# Why is pagemtimes slower than just coding up the matrix multiplication?

Nathan Zechar on 29 May 2021
Commented: Rik on 31 May 2021
I noticed that pagemtimes is slower than just expanding an equation and coding it on both CPU and GPU. But for GPU it is exceptionally slow.
Here is an example. This can be coded up two different ways. Notice the performance of pagemtimes with just the CPU.
clear all
Nx = 100;
Ny = 100;
Nz = 100;
[A1,A2,A3,B1,B2,B3,C1,C2,C3,...
E11,E12,E13,E21,E22,E23,E31,E32,E33,...
F11,F12,F13,F21,F22,F23,F31,F32,F33] = deal(rand(Nx,Ny,Nz));
tic
for i = 1:20
%% Electric Field Update
C1 = F11.*(A1.*E11+B1)+F12.*(A2.*E12+B2)+F13.*(A3.*E13+B3);
C2 = F21.*(A2.*E21+B2)+F22.*(A2.*E22+B2)+F23.*(A3.*E23+B3);
C3 = F31.*(A3.*E31+B3)+F32.*(A3.*E32+B3)+F33.*(A3.*E33+B3);
end
toc
[A,B,C] = deal(rand(3,1,Nx,Ny,Nz));
[E,F] = deal(rand(3,3,Nx,Ny,Nz));
tic
for i = 1:20
C = pagemtimes(F,(B+pagemtimes(E,A)));
end
toc
Without pagemtimes - "Elapsed time is 0.032141 seconds".
With pagemtimes - "Elapsed time is 0.325006 seconds"
Using gpuArray() on the variables in the deal() function the the difference in times are even slower!
Without pagemtimes - "Elapsed time is 0.012688 seconds."
With pagemtimes - "Elapsed time is 5.357220 seconds."
Why is this functions so slow?
Rik on 31 May 2021
You're using different data and inputs for both strategies. Can you fix the bugs in my code below? You can only compare the times if you use the same size inputs.
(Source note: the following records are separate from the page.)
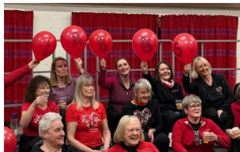
Mayflower A Cappella Chorus celebrating joining LABBS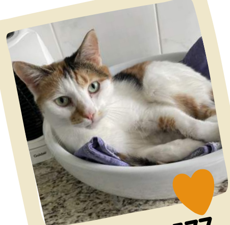
Tess 126577 330 Days in care

Meet Jazz, a 10 year old boy who is very sweet, gentle and affectionate. He loves a good cuddle and will lay in your lap or under the covers with you. Please take him home today.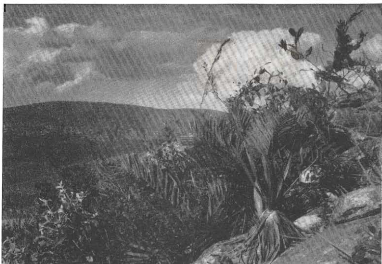
FIG. 6. S. duartei . Serra do Cipó. Acaulescent plants growing in rocky outcrops.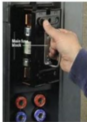
Pull-out Cartridge Fuses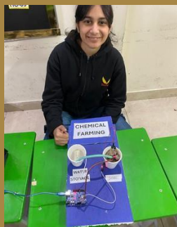
Grade 8 Chemical farming reaction powered agriculture

Otherwise you could do most pre-processing before you start your timer.
You should also be aware that tic,toc is only valid for longer times and should only be used for a first order estimate. If you want to truly compare performance you need the timeit function.
Nx = 100;
Ny = 100;
Nz = 100;
[A,B,C] = deal(rand(3,1,Nx,Ny,Nz));
[E,F] = deal(rand(3,3,Nx,Ny,Nz));
x1=direct(A,B,E,F);
x2=pagemtimes_version(A,B,E,F);
x=abs(x1-x2);
max(x(:)) %This should be very close to 0
ans = 6.3158
timeit(@()direct(A,B,E,F))
ans = 0.3207
timeit(@()pagemtimes_version(A,B,E,F))
ans = 0.0252
function C=direct(A,B,E,F)
%% Electric Field Update
%This version is probably incorrect
C(1,1,:,:,:) = ...
F(1,1,:,:,:).*(A(1,1,:,:,:).*E(1,1,:,:,:)+B(1,1,:,:,:)) +...
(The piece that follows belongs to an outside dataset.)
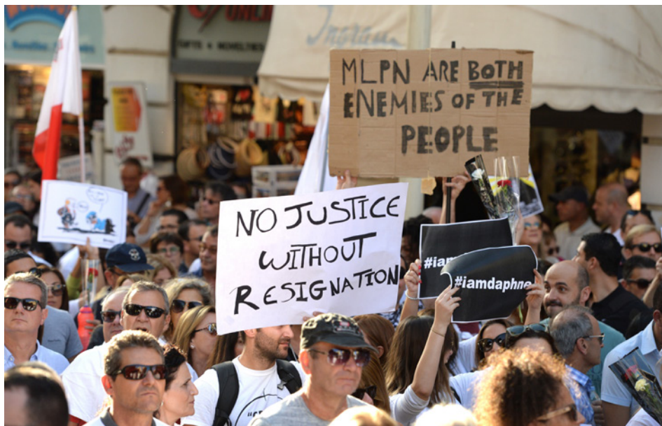
← Thousands gather for a national rally to demand justice for murdered Maltese journalist and anti-corruption blogger Daphne Caruana Galizia in Valletta, the island's capital, on 22 October 2017.

F(1,2,:,:,:).*(A(2,1,:,:,:).*E(1,2,:,:,:)+B(2,1,:,:,:)) +...
F(1,3,:,:,:).*(A(3,1,:,:,:).*E(1,3,:,:,:)+B(3,1,:,:,:));
C(2,1,:,:,:) = ...
F(2,1,:,:,:).*(A(2,1,:,:,:).*E(2,1,:,:,:)+B(2,1,:,:,:)) +...
F(2,2,:,:,:).*(A(2,1,:,:,:).*E(2,2,:,:,:)+B(2,1,:,:,:)) +...
F(2,3,:,:,:).*(A(3,1,:,:,:).*E(2,3,:,:,:)+B(3,1,:,:,:));
C(3,1,:,:,:) = ...
F(3,1,:,:,:).*(A(3,1,:,:,:).*E(3,1,:,:,:)+B(3,1,:,:,:)) +...
F(3,2,:,:,:).*(A(3,1,:,:,:).*E(3,2,:,:,:)+B(3,1,:,:,:)) +...
F(3,3,:,:,:).*(A(3,1,:,:,:).*E(3,3,:,:,:)+B(3,1,:,:,:));
end
function C=pagemtimes_version(A,B,E,F)
C = pagemtimes(F,(B+pagemtimes(E,A)));
end

Sulaymon Eshkabilov on 29 May 2021
Hi,
There is no need to perform this loop calcs that is just a repeatition:
tic
%for i = 1:20
%% Electric Field Update
C1 = F11.*(A1.*E11+B1)+F12.*(A2.*E12+B2)+F13.*(A3.*E13+B3);
C2 = F21.*(A2.*E21+B2)+F22.*(A2.*E22+B2)+F23.*(A3.*E23+B3);
C3 = F31.*(A3.*E31+B3)+F32.*(A3.*E32+B3)+F33.*(A3.*E33+B3);
% end
toc
Good luck.
Nathan Zechar on 31 May 2021
This is correct DGM,
The loop is needed to undestand the execution time.